Ne t’inquiètes pas cher/chère lecteur/lectrice, je ne céderai pas à la facilité de la pure chronique piste par piste, qui serait pourtant bien indiquée quand on souhaite parler d’une sortie calquant sa progression sur des changements temporels et locatifs bien plus rencontrés en littérature et en cinéma qu’en musique. Je te parlerai plutôt de la variété des sons et nappes ambient qui représentent tous des sentiments précis, des mouvements calculés, des paysages clairement définis et des apparitions fugaces de personnages secondaires qui ne seront jamais anecdotiques face à la solitude de notre avatar lors de sa troisième année d’errance. Il y a un choix délibéré de narration interne dans la série des 214x, perçu à travers la proximité des bruits de pas, des interactions du survivant avec son environnement proche ou des pistes reflétant son état psychologique à des moments clés de l’intrigue. Cette vue, ou plutôt écoute à la première personne, est un tour simple et malin pour nous impliquer immédiatement dans l’action dépeinte dans l’album. Nous devenons alors ce rescapé humain déboussolé et en quête de réponses.
Le premier tiers de notre voyage est réminiscent de 2146, où l’on explorait les ruines d’une ville vide de vie, mais dont les automates continuaient seuls à en faire fonctionner les rouages mécaniques et électriques. Une forme de vie émulée donc, au point que les robots que l’on croise commencent à se poser des questions sur leurs créateurs dans Our Mechanical Children.
« Somewhere, beyond the stars… Did they find it ?… Paradise ?… »
Il n’en fallait pas plus pour provoquer la suite de l’album. La solitude et la difficulté du voyage nous menant au centre spatial sont traduites par des nappes isolationnistes et lancinantes d’ambient et de drone parfois toxiques. Mais Simon Heath a forcément poussé le détail plus loin, utilisant des éléments comme le piano, la guitare ou les field recordings pour épaissir les descriptions auditives des paysages désolés et du mental buriné du protagoniste.

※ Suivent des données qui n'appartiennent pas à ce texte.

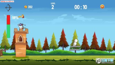 在游戏中,你将扮演一名使用弓箭的城堡的守卫,在一定时间内尽可能多的消灭从虚空中传送过来的敌人。通过在屏幕上点击并拖动控制弓箭射出的力量和角度,射向敌人,获取金币并不断刷新消灭敌人的最高纪录!
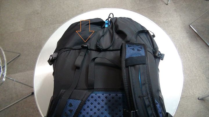 침낭으로 인해 가방이 포화 상태라 배낭 상단에

De la fin de The Space Center aux derniers balbutiements de Dreams Without a Future, une atmosphère en demi-teinte se fait sentir ; avons-nous trouvé des réponses au centre ? C’est certain. Mais on devine que les réponses obtenues sont celles que l’on redoutait sans souhaiter les confirmer. Partagés entre les élans mélodiques et les atmosphères granuleuses voire dissonantes, nous sommes joie à l’idée de savoir nos frères et sœurs de gènes saufs, mais décontenancés d’avoir été abandonnés à notre fortune sur une planète désormais inhospitalière.
Se clôturant à contre-pied sur un piano mélancolique et solitaire qui n’est autre que notre voix intérieure depuis notre réveil il y a presque trois ans, 2147 est un album à savourer évidemment dans l’ordre de sa tracklist et sans interruption. Proposant une expérience visuelle et émotionnelle à travers une variété sonore transcendant le simple estampillage dark ambient, Sabled Sun continue à développer son univers dystopique tout en raffinant sa palette sonique. Détaillée, diversifiée et évocatrice, cette galette pourrait servir d’exemple à la définition de l’expression « paysage sonore ».
Propice à l’écoute nocturne sur casque pour une immersion totale, vous pourrez profiter de la version digitale de cet album et du catalogue quasi-complet de chez Cryo Chamber en leur master 24 bits pour quelques dollars. Et ils vendent plein de jolis CDs aussi.